SITE Energy Talks – Energy Demand Management: Insights from Behavioral Economics
How do consumers make energy efficiency decisions?
It has long been recognized that consumers fail to minimize the total costs of their energy-consuming investments due to a range of market and non-market based failures. This has become known as the ‘Energy Efficiency Gap’. However, there is currently a large knowledge gap in terms of understanding how consumers make decisions which involve an energy consumption component.

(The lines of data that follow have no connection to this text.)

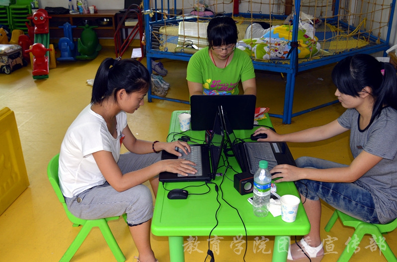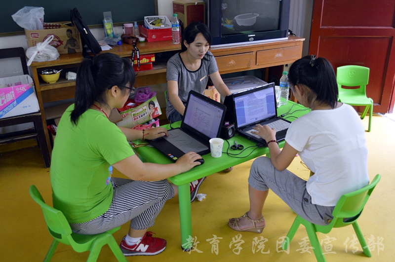 7月8日中午一点,教育学院“蓝心”青年志愿者服务队的队员们吃完午饭后来不及午睡一会就又来到了井冈山黄坳乡中心幼儿园教师办公室,为接下来的授课活动及时做好备课和总结工作。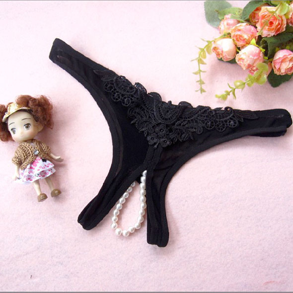 シースルーオープンクロッチ・パールビジュー付・ショーツ ブラック 460円(税込506円)
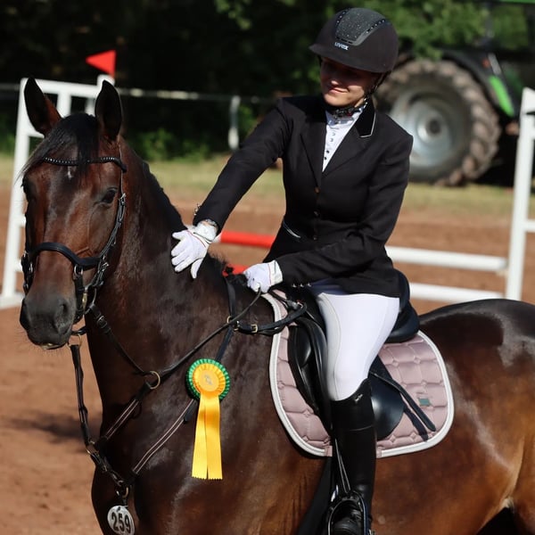 Ich biete meine 8jährige Stute Rose Mary zum Verkauf als Freizeitpferd oder für die Zucht an einen Bestplatz an. Rosi wurde von mir dreijährig schonend und abwechslungsreich ausgebildet und bis zur Klasse L in der Dressur siegreich vorgestellt. Im Springen wurde sie bis Klasse A vorgestellt. Rosi ist ein braves und gehorsames Pferd und bereitet stets Freude. Sie ist sehr leicht im Maul und der Anlehnung. Sie geht alleine ins Gelände, lässt sich alleine verladen, steht artig beim Schmied und kennt Koppelgang in der Herde. Meine Turniere oder sonstige Ausflüge habe ich mit ihr in der Regel alleine gemacht. Von Verladen über Ausladen, fertigmachen und reiten ist alles alleine möglich. Rosi hat allerdings zwei Handicaps. Zum einen steht sie bodenweit, ihre Vorderhufe zeigen beide etwa 30-45 Grad nach außen. Röntgenologisch unauffällig. Fünfjährig hatte sie eine Hufgelenksentzündung, welche ich sehr früh bemerkt und behandelt habe. Seitdem habe ich das Springen auf Gymnastik oder vereinzelte Sprünge reduziert und keine Probleme damit. Ich habe allerdings Pflege der Hufgelenke betrieben, gerne mehr dazu in einem persönlichen Gespräch. Das zweite Handicap zeigte sich nun nach meiner Schwangerschaft. Rosi hat an zwei Stellen im Rücken Engstände der Dornfortsätze. Diese habe ich nie bemerkt, jetzt allerdings durch meine reiterliche Pause eben doch. Rosi lief die letzte Saison erfolgreich in A und L mit einer jungen Reiterin und zeigte nun erst im Winter diese Problematik. Der Rücken ist behandelt und bei richtigem Training sollte er auch keine Probleme machen. Training, für das ich leider keine Zeit mehr habe und ihr dadurch nicht mehr gerecht werden kann. Ich wünsche mir für Rosi ein Zuhause, bei dem sie die Nummer 1 ist. Abwechslungsreiche, rückenfreundliche Arbeit, Weidegang, idealerweise Paddockbox und ein pferdegerechter Umgang wären mir wichtig. Aufgrund ihrer Abstammung Rock forever x Benetton Dream auch für die Zucht vorstellbar. Gerne bin ich telefonisch für Sie erreichbar und beantworte alle Fragen zu Rosi. Kein Notverkauf, nur in beste Hände abzugeben! Ein Probereiten ist gegen eine Gebühr von 50€ möglich.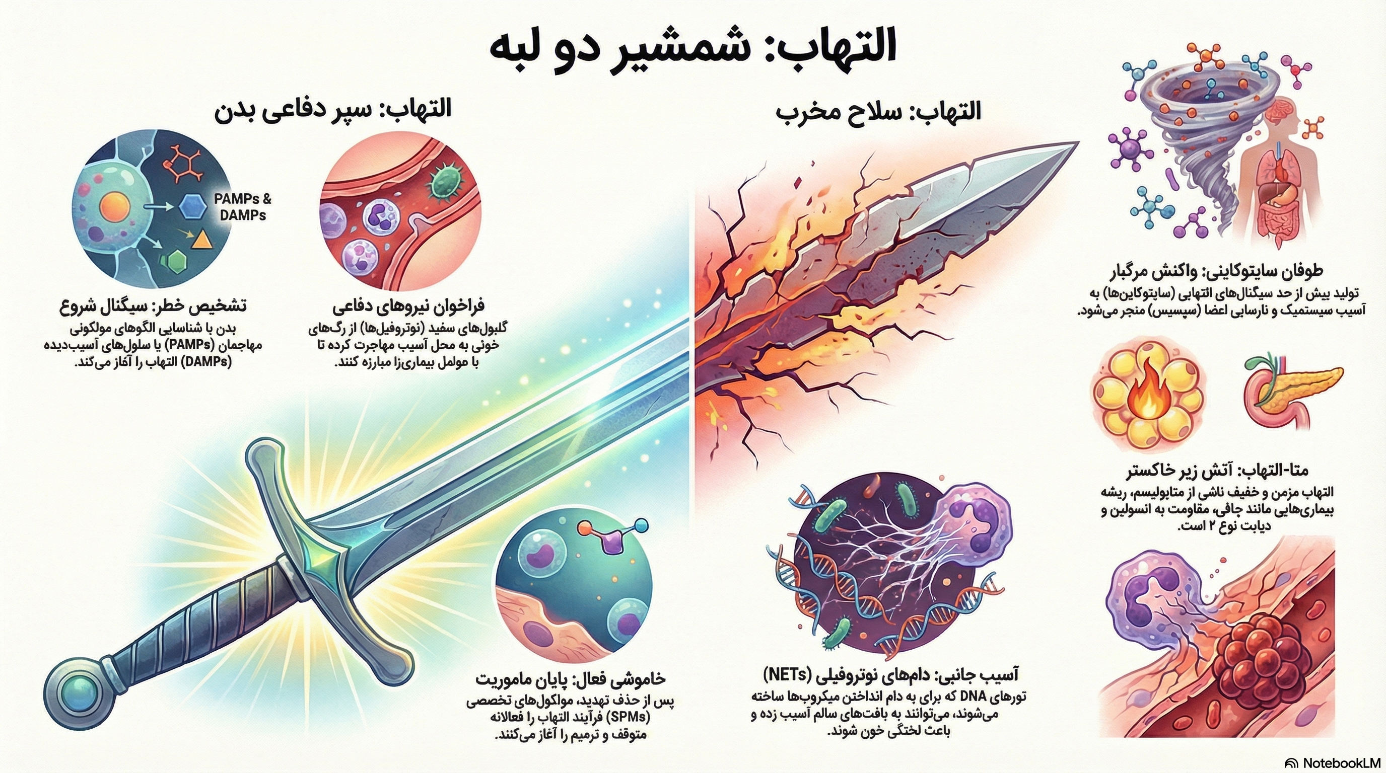 تاریخچه شناخت ما از التهاب به توصیفات کلاسیک سلسوس (Celsus) در قرن اول میلادی باز میگردد که چهار علامت اصلی قرمزی (Rubor)، تورم (Tumor)، گرما (Calor) و درد (Dolor) را معرفی کرد. بعدها ویرشو (Virchow) با افزودن “از دست دادن عملکرد” (Functio Laesa)، تصویر بالینی را تکمیل نمود. با این حال، تحول اصلی در درک ما با کارهای ایلیا مچنیکوف (Élie Metchnikoff) آغاز شد که التهاب را نه به عنوان یک بیماری، بلکه به عنوان یک واکنش فیزیولوژیک محافظتی با محوریت فاگوسیتها تبیین کرد. امروزه میدانیم که این پاسخ ایمنی ذاتی، اگرچه برای حذف خطر حیاتی است، اما نیازمند لایههای متعددی از مکانیسمهای تنظیمی دقیق است تا از آسیبهای جانبی به بافت میزبان جلوگیری شود.
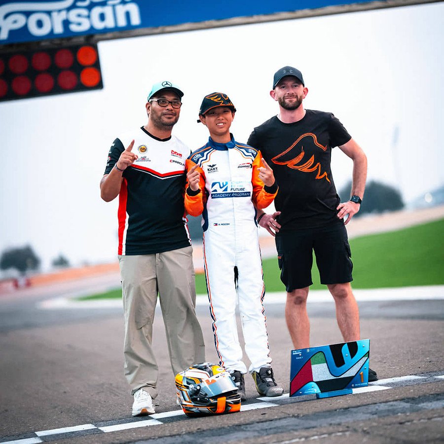 After more than a month of racing across the United Arab Emirates, Axel Nocom capped his Champions of the Future Academy Program (COTFA) season with his strongest performances yet. Coming straight from consecutive race weekends in COTFA UAE and the UAE RMC, the young Filipino rejoined the championship for Rounds 5 and 6—claiming a breakthrough Finals win at Al Forsan and finishing 7th overall in the OK-N Junior standings.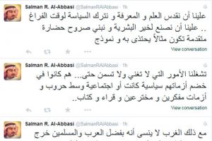 قال مسئول رصد خطابات الكراهية في مرصد البحرين لحقوق الإنسان الشيخ ميثم السلمان، اليوم الأحد (2 أغسطس/ آب 2015) عبر حسابه في موقع التواصل الإجتماعي "تويتر"، "إن المسئولية الوطنية تدعونا للمطالبة بتعريز المواطنة المتساوية(...) ومكافحة كافة ألوان التمييز ونبذ العنف والتطرف في البحرين، وإن إطلاق المنابر الإعلامية والدينية للنعوت الإزدرائية على طائفة أدى إلى استشراء العداء في البحرين، ومن عادى مواطنا سنياً لتسننه أوشيعيا لتشيعه فقد أقر على نفسه بفقدان شرط المواطنة الصالحة وهو التعايش المدني المشترك وقبول التنوع في البحرين.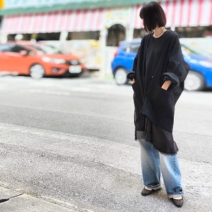 オールブラックなので、ちょっとモードで上品な仕上がりに。男女問わず着用していただけます。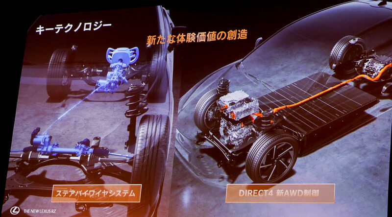 Lexus International アシスタントチーフエンジニアの寺田寧之氏は、「レクサスは、2005年の『RX 400h』の発売以来、ラグジュアリー市場における電動化の先駆者として、電動車の開発をけん引してきました。下山にある新たな開発拠点では、ドライビングの楽しさと本質的価値を追求するため、ハードウェアとコア技術の研鑽を続けています」と説明。続けて、「レクサスは電動化技術を磨き上げ、『ステア・バイ・ワイヤ・システム』や『ダイレクト4』といった新技術に挑戦し続けることで、ハードウェアとソフトウェアの融合によるまったく新しいドライビング体験の提供を目指している。また、開発の柱に“ナチュラルな操作性”“ドライビングの楽しさ”“BEV基本性能の追求”の3つを掲げ、まったく新しい体験を提供する車両として追及。静粛性と快適性を維持しながら、航続距離、充電制御の向上、プラットフォームの改良によるバッテリの大型化も実施したほか、、コンパクトなBEVパワートレーンの低重心化により、すべてのドライビング体験を高めることに成功したとしている。

At SITE Energy Talks 2018 – Energy Demand Management: Insights from Behavioral Economics on October 16, Eleanor Denny, Associate Professor at Trinity College Dublin, will discuss which factors are salient in consumers’ decisions, the relative importance of these factors and how these factors change by consumer group and product type.
Eleanor Denny is a prominent researcher in the area of Energy Economics and has been awarded over €2.85 million in research funding as principal investigator. She has research interests in behavioural and energy economics and has published over 50 international peer-reviewed publications with more than 1650 citations. Currently, she is coordinator of the Horizon 2020 project CONSEED (CONSumer Energy Efficiency Decision making), the project NEEPD (Nudging Energy Efficient Purchasing Decisions) as well as numerous other projects relating to energy efficiency and consumer behaviour.
After the presentation by Eleanor Denny there will be comments by Natalya Volchkova, Assistant Professor and Policy Director at Center for Economic and Financial Research at the New Economic School (NES) in Moscow.